If your SSH key is encrypted with a passphrase:

spec:
  orchestrator:
    provisioner:
      slurm:
        enabled: true
        sshHost: "slurm-head.example.com"
        username: "fuzzball-service"
        sshPrivateKeyPem: |
          <full private key in PEM format>
        sshPrivateKeyPassPhrase: "key-passphrase"
        sshHostPublicKey: "10.0.0.4 ecdsa-sha2-nistp256 AAAAE2VjZHNhL...full-public-key="

Configuration Parameters

ParameterTypeRequiredDefaultDescription
enabledbooleanYesfalseEnable the Slurm provisioner
sshHoststringYes-Hostname or IP address of the Slurm head node
sshPortintegerNo22SSH port on the Slurm head node
usernamestringYes-SSH username for authentication
passwordstringNo*-SSH password for password authentication
sshPrivateKeyPemstringNo*-SSH private key in PEM format
sshPrivateKeyPassPhrasestringNo-Passphrase for encrypted SSH private key
sshHostPublicKeystringNo**-SSH host public key for verification
skipHostKeyVerificationbooleanNofalseSkip SSH host key verification (not recommended)
connectionTimeoutintegerNo30SSH connection timeout in seconds (1-120)
binaryPathstringNo-Custom path to Slurm binaries (if not in $PATH)
sudoPathstringNo/usr/bin/sudoPath to sudo binary on compute nodes
optionsmapNo{}Additional Slurm sbatch options

* Either password or sshPrivateKeyPem must be provided for authentication

** Required unless skipHostKeyVerification is true

Advanced Configuration

Custom Binary Path

If Slurm binaries are not in the default $PATH, specify their location:

spec:
  orchestrator:
    provisioner:
      slurm:
        enabled: true
        sshHost: "slurm-head.example.com"
        username: "fuzzball-service"
        password: "secure-password"
        binaryPath: "/opt/slurm/bin"

This affects the following commands:

  • sbatch: Job submission
  • squeue: Job status queries (if sacct is unavailable)
  • scancel: Job cancellation
  • sacct: Job status and accounting (if available)

Connection Timeout

Configure SSH connection timeout for reliability in high-latency environments:

spec:
  orchestrator:
    provisioner:
      slurm:
        enabled: true
        sshHost: "slurm-head.example.com"
        username: "fuzzball-service"
        password: "secure-password"
        connectionTimeout: 60  # Wait up to 60 seconds for SSH connection

Valid range: 1-120 seconds.

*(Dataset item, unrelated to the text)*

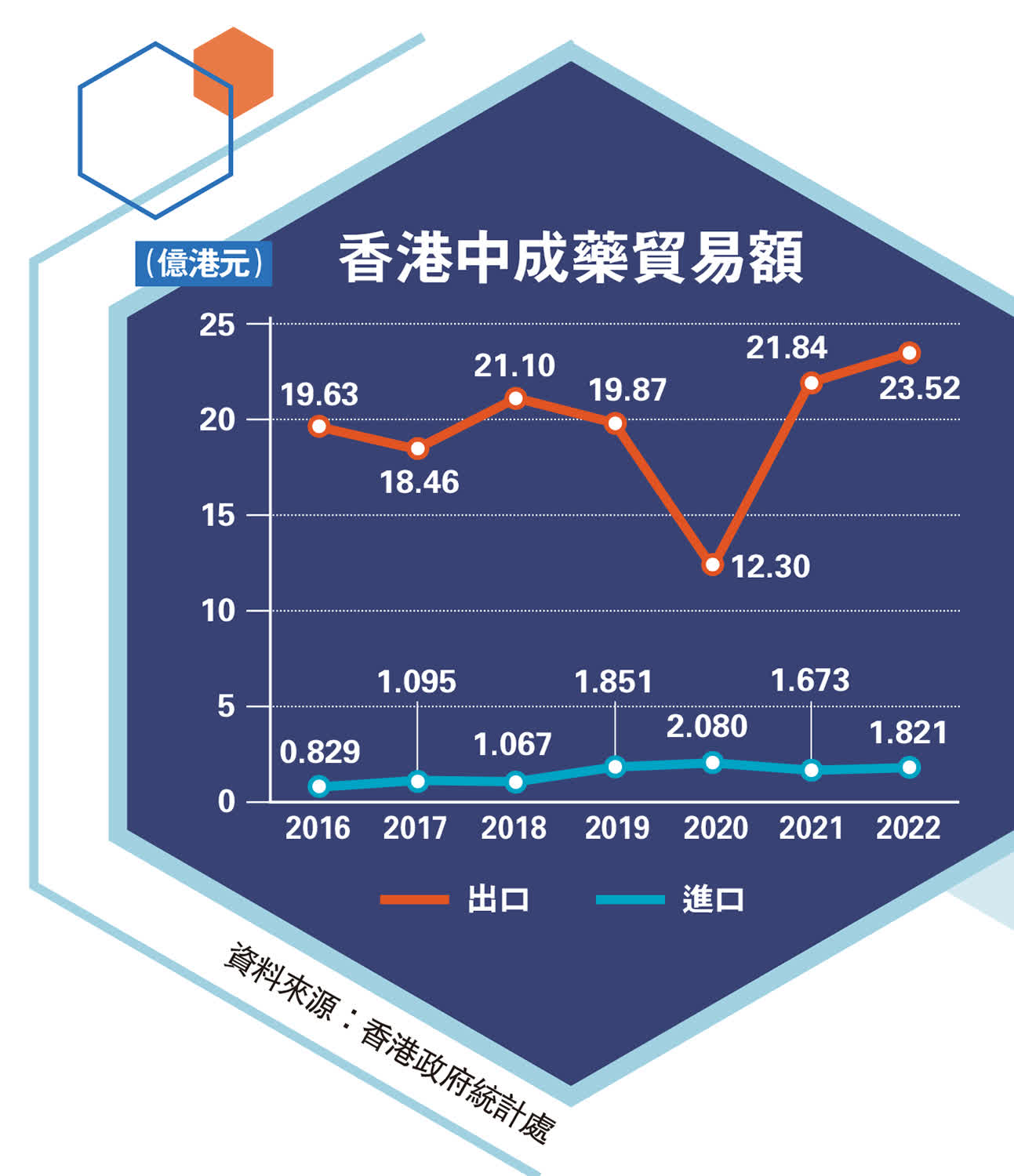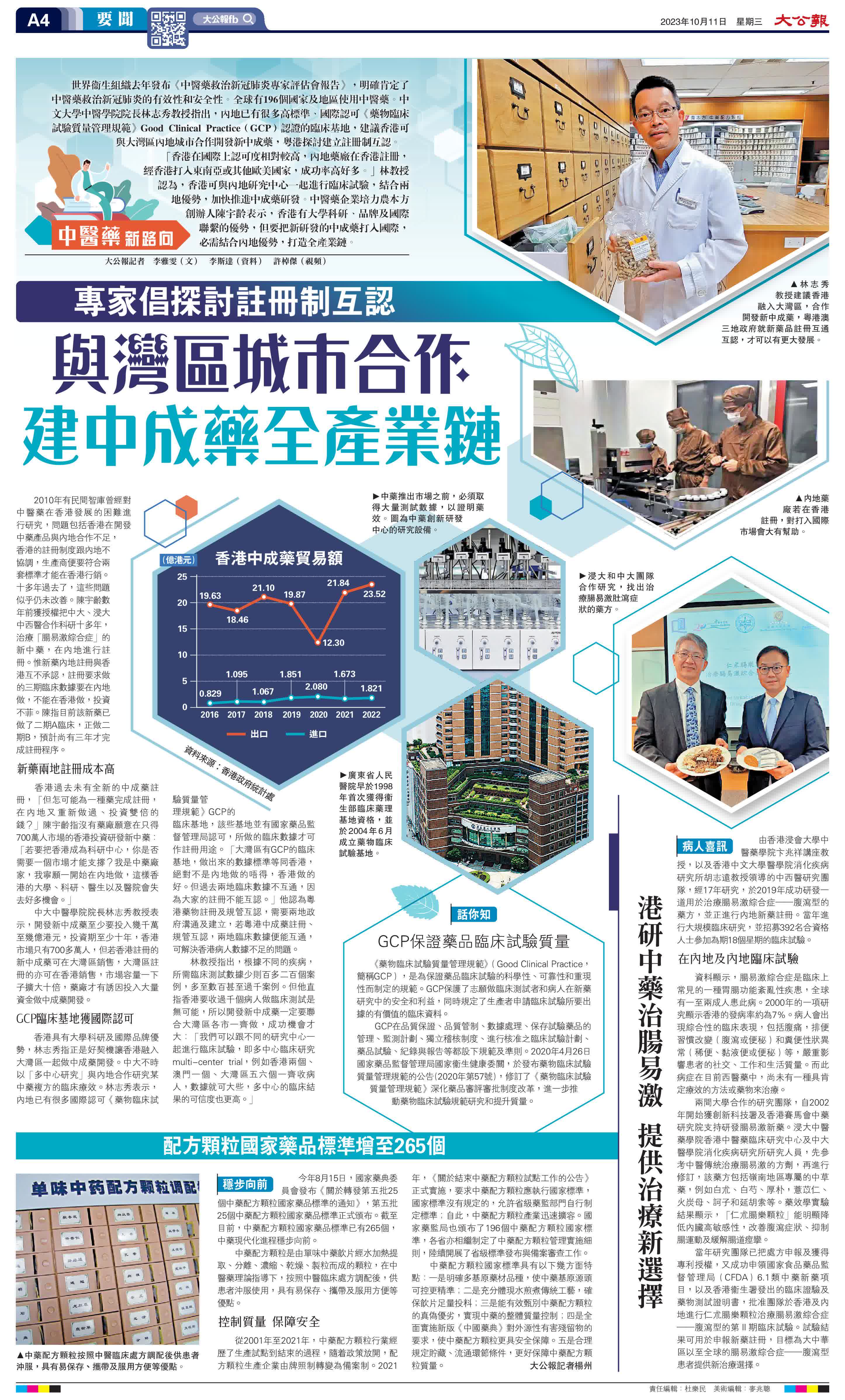 中大中醫學院院長林志秀教授表示,開發新中成藥至少要投入幾千萬至幾億港元,投資期至少十年,香港市場只有700多萬人,但若香港註冊的新中成藥可在大灣區銷售,大灣區註冊的亦可在香港銷售,市場容量一下子擴大十倍,藥廠才有誘因投入大量資金做中成藥開發。

Default: 30 seconds.

Custom Sudo Path

If sudo is installed in a non-standard location on compute nodes:

spec:
  orchestrator:
    provisioner:
      slurm:
        enabled: true
        sshHost: "slurm-head.example.com"
        username: "fuzzball-service"
        password: "secure-password"
        sudoPath: "/usr/local/bin/sudo"

This path is used when executing the Substrate binary on compute nodes.

Slurm Batch Options

You can specify additional Slurm options that will be applied to all submitted jobs:

spec:
  orchestrator:
    provisioner:
      slurm:
        enabled: true
        sshHost: "slurm-head.example.com"
        username: "fuzzball-service"
        password: "secure-password"
        options:
          partition: "compute"        # Default partition for all jobs
          account: "fuzzball-project" # Account to charge
          qos: "normal"               # Quality of Service
          constraint: "haswell"       # Node constraints
          comment: "Fuzzball workflow" # Job comment

Supported Slurm Options

The following standard sbatch options are supported:

OptionDescriptionExample
accountAccount to charge for resources"research-group"
clustersCluster names for multi-cluster federations"cluster1,cluster2"
constraintNode feature constraints"gpu|haswell"
excludeNodes to exclude from allocation"node[01-05]"
partitionPartition for job submission"gpu"
preferPreferred nodes for allocation"node[10-20]"
qosQuality of Service level"high"
reservationReservation name to use"maintenance"
commentJob comment field"Production workflow"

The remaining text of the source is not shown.